A tradição judaica o acompanhou em toda a carreira literária, assim como o imaginário fantástico – nascido em 23 de março de 1937 no bairro do Bom Fim, que até hoje reúne a comunidade judaica de Porto Alegre, e alfabetizado pela mãe, Sara, que era professora primária, Scliar chegou a ter o romance O Centauro no Jardim incluído numa lista com os cem melhores livros relacionados à história dos judeus dos últimos dois séculos, elaborada pelo National Yiddish Book Center. Também se tornou um grande porta-voz do País sobre temas relativos ao judaísmo, mantendo laços de amizade com alguns dos maiores autores israelenses no mundo contemporâneo, como David Grossman, A.B. Yehoshua e Amos Oz.
A especialização em saúde pública, por sua vez, deu a Scliar a oportunidade de vivenciar temas como a doença, o sofrimento e a morte – características que podem ser percebidas tanto em sua ficção, em obras como A Majestade do Xingu, quanto na não ficção, caso de que A Paixão Transformada: História da Medicina na Literatura é um dos exemplos mais claros.
Casado desde 1965 com Judith Vivien Oliven e pai de Roberto, nascido em 1979, Scliar também dedicou atenção especial às obras infanto-juvenis. Costumava dizer que, escrevendo para os jovens, reencontrava o jovem leitor que havia sido.
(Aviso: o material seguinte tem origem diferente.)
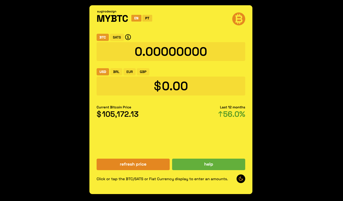 With MYBTC Calculator you can convert BTC or SATS to USD, BRL, EUR or GBP. Free, non KYC, easy to use.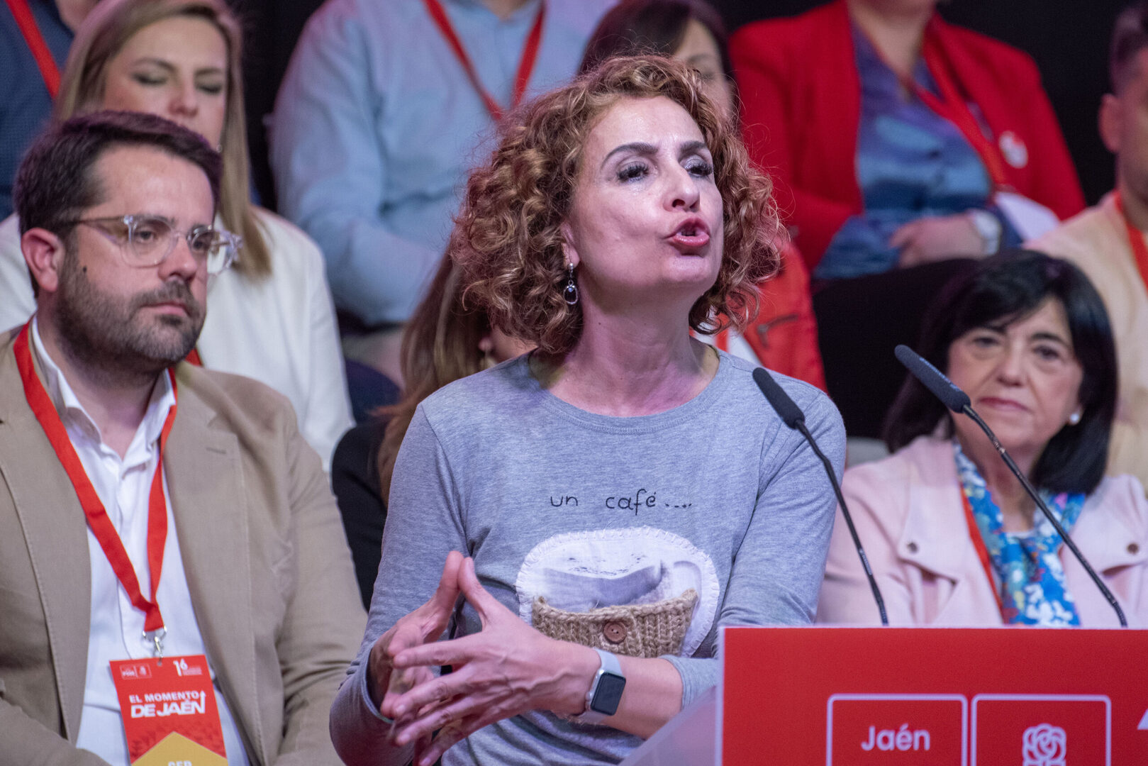 La ministra María Jesús Montero durante su intervención en la inauguración del Congreso Provincial del PSOE de Jaén. | EFE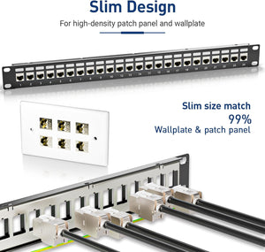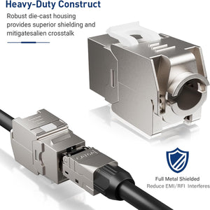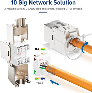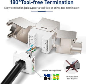 12개 RJ45 Cat7 Cat6A 차폐 키스톤 잭, Cat 7 10Gbps 간편 도구 없이 사용 가능한 모듈러 잭, PoE, 23~24 AWG 단선 또는 연선 S/FTP 이더넷 케이블용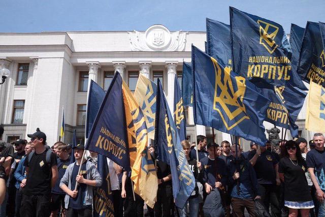 Про це стало відомо з трансляції сьогоднішніх подій під Верховною Радою на каналі політичної партії «Національний Корпус» в YouTube.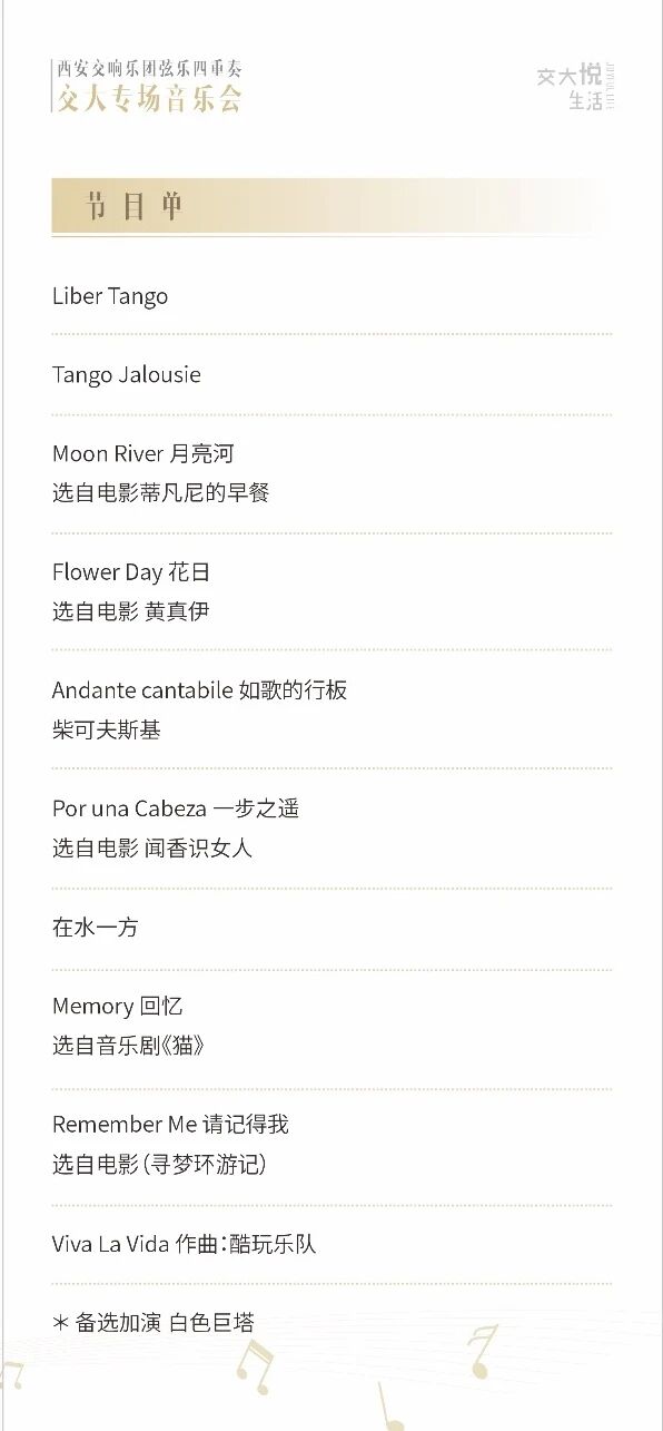 音乐会特邀西安交响乐团首席伍思雨、西安交响乐团小提琴演奏员陈思彤、西安交响乐团中提琴演奏员庄燊和西安交响乐团大提琴演奏员贾茹共同演出。演出曲目精心编排,涵盖《Moon River》《Memory》《Remember Me》《Viva La Vida》等经典作品,旨在通过交响乐的艺术形式,展现时代风貌与青春力量,营造积极向上的校园文化氛围。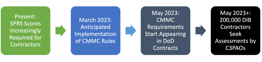 Even now, absent formal CMMC requirements in DoD contracts, a number of contractors are finding for the first time that their contracts require the submission of Supplier Performance Risk System (SPRS) scores – essentially a self-evaluation of the same NIST 800-171 requirements that appear in the CMMC.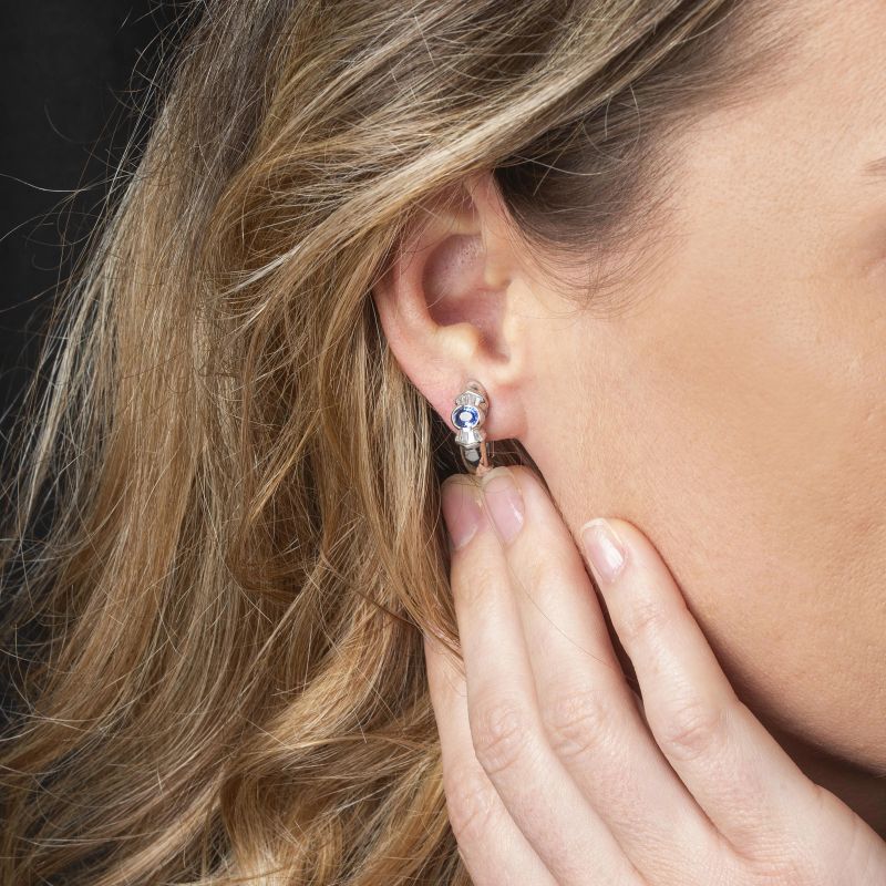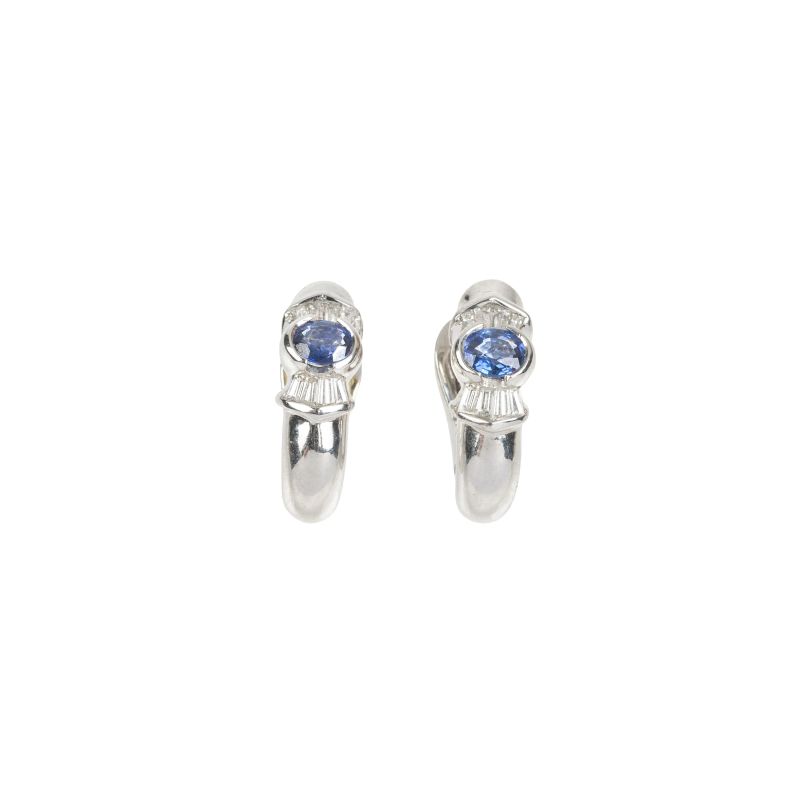 in oro bianco 18kt, impreziositi da due zaffiri taglio ovale per ct. 0.60 circa e diamanti taglio baguette per ct. 0.80 circa, chiusura a clip con perno, punzone 750 e del fabbricante, cm 1.5x1, gr. 6.5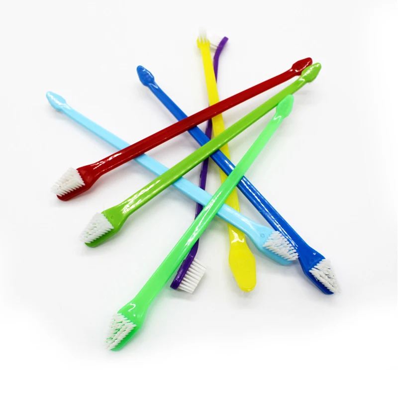 1 шт. зубная щетка для домашних животных с двойным концом, неприятный запах дыхания и зубной камень, Защита зубов, чистка собак, кошек, зубная щетка, товары для домашних животных, случайный цвет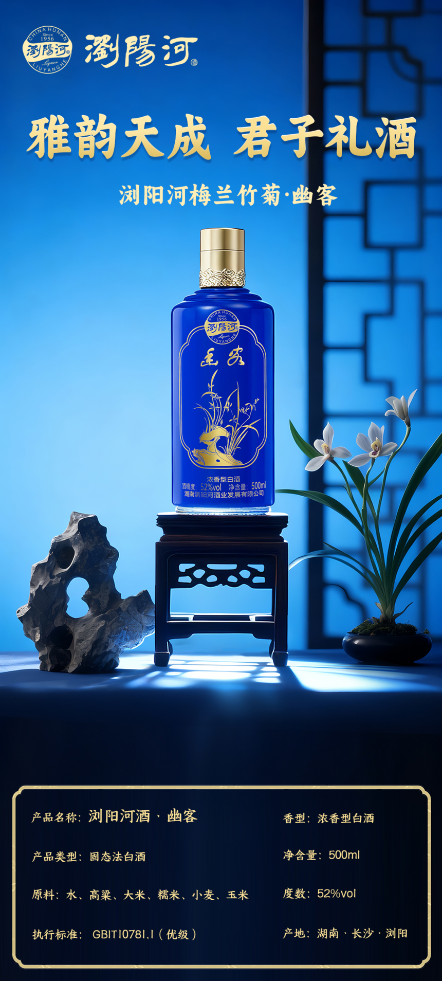 浏阳河梅兰竹菊系列之“幽客”浏阳河·梅兰竹菊系列白酒产自白酒历史悠久的大围山巅、浏阳河畔,酒精度为52%vol,净含量500ml。设计以经典瓶身结合“中国红、帝尊蓝、翡翠绿、帝王黄”等主色调传达传统东方审美,四色四瓶,各显风格,展现“优雅从容、坦然人生”的品牌调性。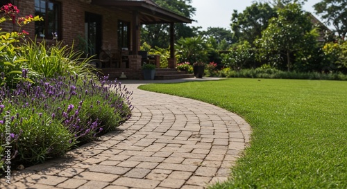 Obraz premium Sunlit Brick Path Winding Through Lavender and Lush Lawn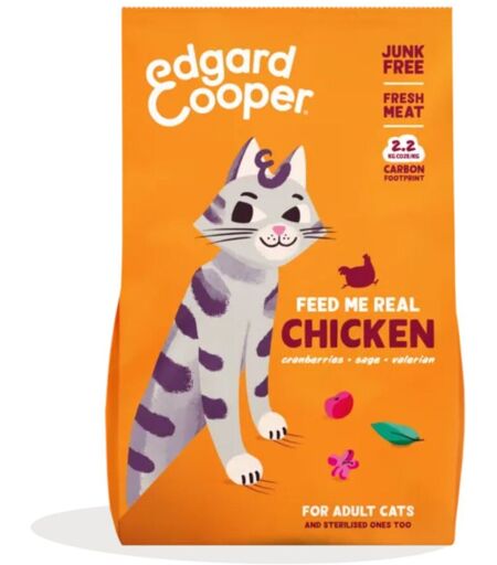 Edgard & Cooper Alimento Secco Grain Free Pollo Fresco per Gatti Adulti. Le nostre crocchette al pollo allevato all’aperto sono complete e senza schifezze, perfette per tutti i gatti adulti, anche sterilizzati. Preparate solo con tanta carne fresca, che non è stata ridotta in polvere, stracotta o sfilacciata e con una selezione di ingredienti tra i più gustosi. Il cibo vero ha un gusto genuino ed è più salutare per il tuo gatto. Per questo nelle nostre crocchette abbiamo messo tanta carne fresca che aiuta a mantenere i muscoli forti e l’olio di salmone, che contribuisce ad avere un pelo morbido e lucido. C'è anche la taurina, benefica per gli occhi e il cuore del tuo gatto, e la L-carnitina per favorire un metabolismo sano. Senza cereali e facile da digerire sono il segreto per gatti felici. Non c’è traccia di additivi artificiali né di zuccheri aggiunti. Solo una manciata di erbe e bacche offerte da madre natura: mirtilli rossi, salvia e valeriana. Semplicemente...Mmmmiao. Disponibile in 2 formati: 325g - 2kg. COMPOSIZIONE: .pollo allevato all’aperto fresco 50% .piselli, patate (disidratate) .amido di patate .proteina di patate .proteina di piselli .minerali .sughetto di pollo .grasso di pollo .semi di lino .lieviti (essiccati, fonte naturale di mannanoligosaccaridi (MOS) e beta-glucani) 1,5% .cicoria (essiccata, fonte naturale di fruttoligosaccaridi (FOS) e inulina) 1% .barbabietola (essiccata) .olio di salmone 0,5% .mirtilli rossi (essiccati) 0,003% .salvia (essiccata) 0,003% .valeriana (essiccata) 0,003% COMPONENTI ANALITICI: .proteina grezza 30% .grassi grezzi 17% .fibra grezza 2,5% .ceneri grezze 7,5% .umidità 6% .omega 6 3,1% .omega 3 0,9% .calcio 1,1% .fosforo 0,9% ADDITIVI NUTRIZIONALI (AL KG): .vitamina A 20.000 UI .vitamina D3 1.750 UI .vitamina E 250 mg .zinco (solfato di zinco monoidrato) 100 mg .ferro (solfato di ferro (II) monoidrato) 70 mg .iodio (iodato di calcio anidro) 1,5 mg .rame (solfato di rame(II) pentaidrato) 10 mg .manganese (solfato manganoso monoidrato) 30 mg .taurina 1.500 mg .DL-metionina 3.000 mg .L-carnitina 100 mg SOMMINISTRAZIONE: DOSE GIORNALIERA CROCCHETTE. PESO GATTO (KG) STERILIZZATO-CASALINGO OUTDOOR1-225g35g3-445g60g5-660g80g7-875g95g DOSE GIORNALIERA CROCCHETTE+UMIDO. PESO GATTO (KG) STERILIZZATO-CASALINGO OUTDOOR1-25g+85g15g+85g3-420g+85g40g+85g5-640g+85g60g+85g7-855g+85g75g+85g Passa al cibo senza schifezze aumentando gradualmente il prodotto Edgard & Cooper e diminuendo proporzionalmente quello precedente nell’arco di 10 giorni. ...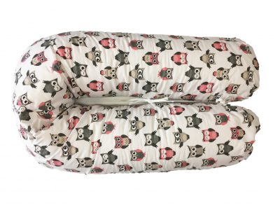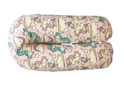Többfunkciós kismamapárna félkör ívű kiképzéssel, mikrogyöngy töltettel. Huzata színes, változatos mintájú, zipzáras megoldású, így könnyen levehető és kimosható. Kényelmes deréktámasz a kismamának a terhesség előrehaladtával, később a baba megszületése után szoptatáskor is praktikusan használható.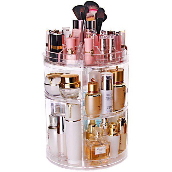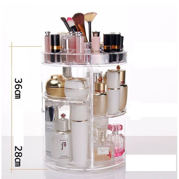 🍀 Kệ để mỹ phẩm trụ xoay 360 độ được ví như một chiếc tủ đựng mỹ phẩm mini với 3 phần chính :
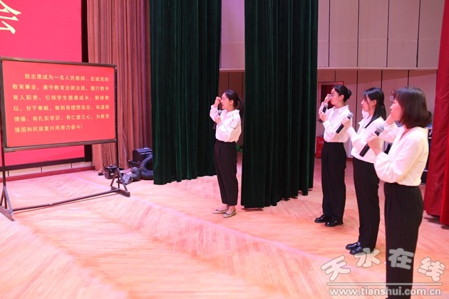 大會在莊嚴(yán)的國歌聲中拉開帷幕,舉行了新教師入職宣誓儀式。在教務(wù)科副科長王娟芳老師的領(lǐng)誓下,新入職的3名教師進行了“人民教師誓詞”入職宣誓,表達了履行人民教師神圣職責(zé),立志成為“四有”好老師的心聲。對涌現(xiàn)出的20名優(yōu)秀教師、13名優(yōu)秀班主任、8名優(yōu)秀教育工作者進行了表彰獎勵。獲獎教師代表、現(xiàn)代農(nóng)業(yè)工程學(xué)院新生代表、中職新生代表先后進行了發(fā)言。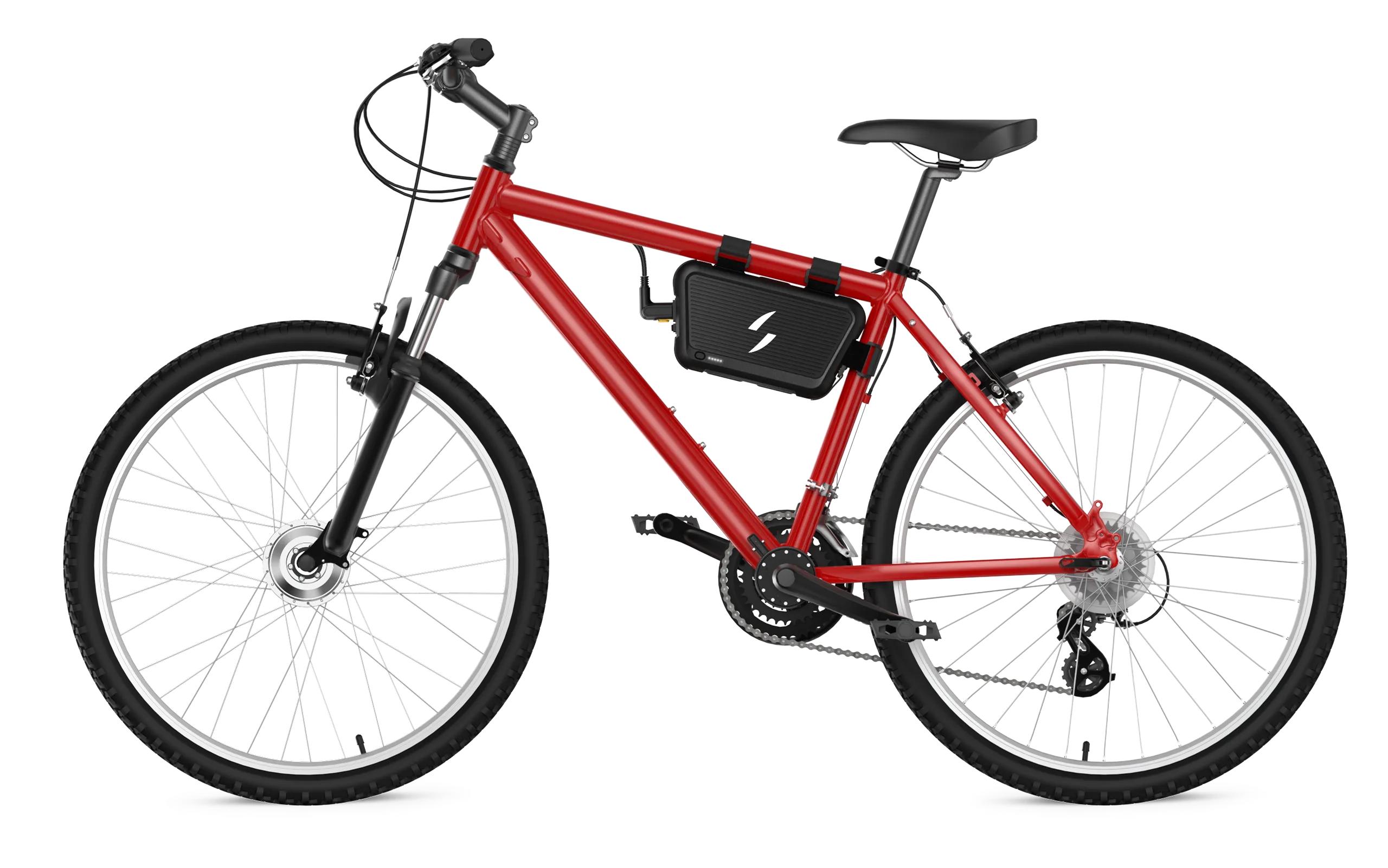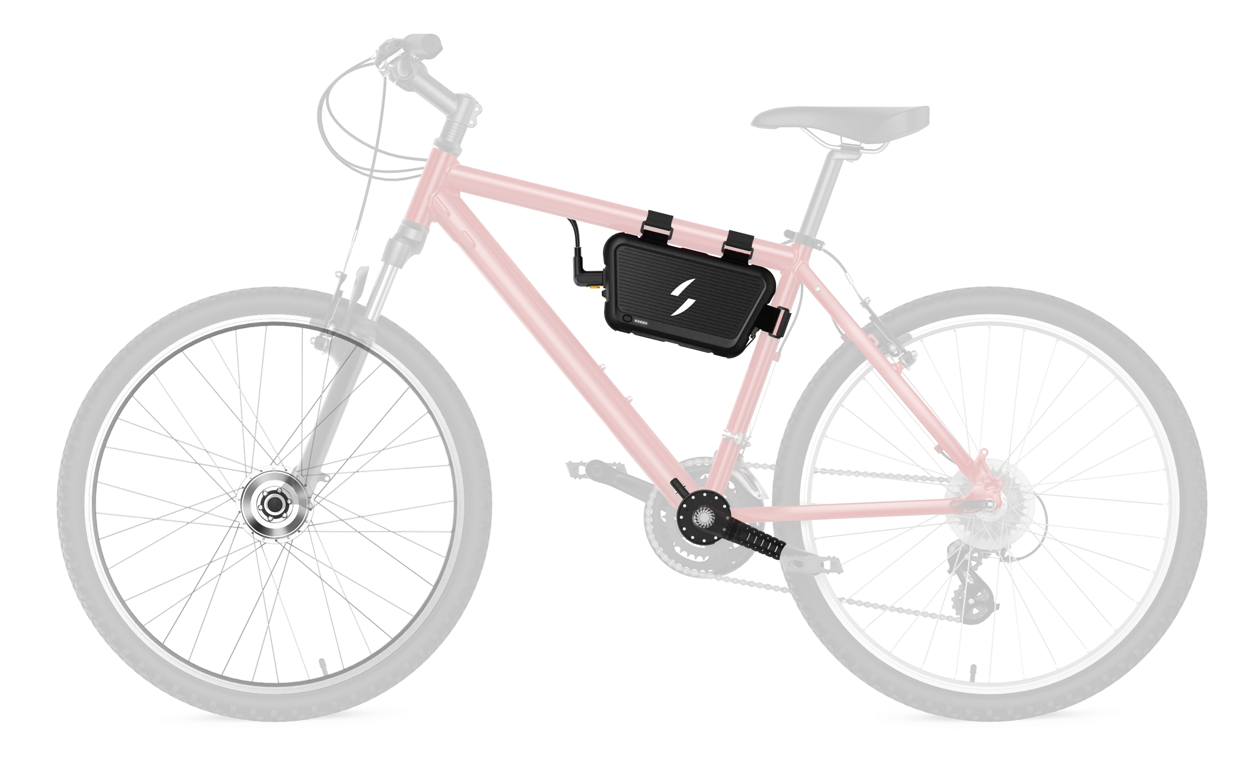 Containing a motor controller, and advanced lithium ion battery with 20-60 miles range. It connects to the front motor wheel and pedal sensor via a single cable harness that plugs in to the side.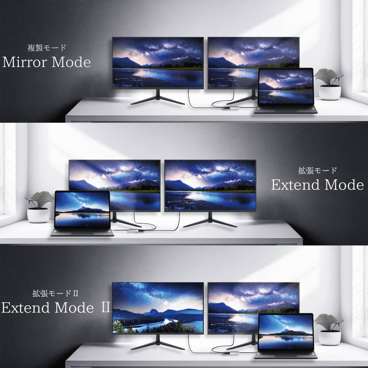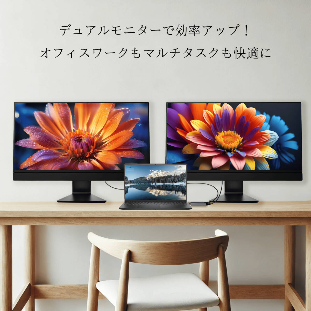 デスクトップ画面を2つのモニターに分割表示できるので、作業効率がアップ!ゲーム、動画編集、マルチタスク作業に最適です。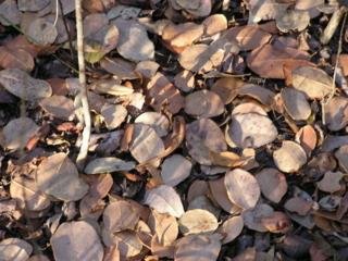 森の落ち葉 Rich layer of leaf mold is under these frallen leaves. One of the gifts of the forest. この落ち葉の下に腐葉土が堆積しています。 森の恵みのひとつです。 |

Boa parte de sua produção nessa área foi considerada “altamente recomendável” pela Fundação Biblioteca Nacional.
Além de produzir textos para vários jornais e revistas, o autor também teve trabalhos adaptados para o cinema, caso do romance Um Sonho no Caroço do Abacate, adaptado em 1998 por Luca Amberg sob o título Caminho dos Sonhos, em cujo elenco apareceram atores como Taís Araújo, Caio Blat e Mariana Ximenes. Em 2002, o romance Sonhos Tropicais também virou filme, sob direção de André Sturm, com Carolina Kasting, Ingra Liberato e Cecil Thiré no elenco.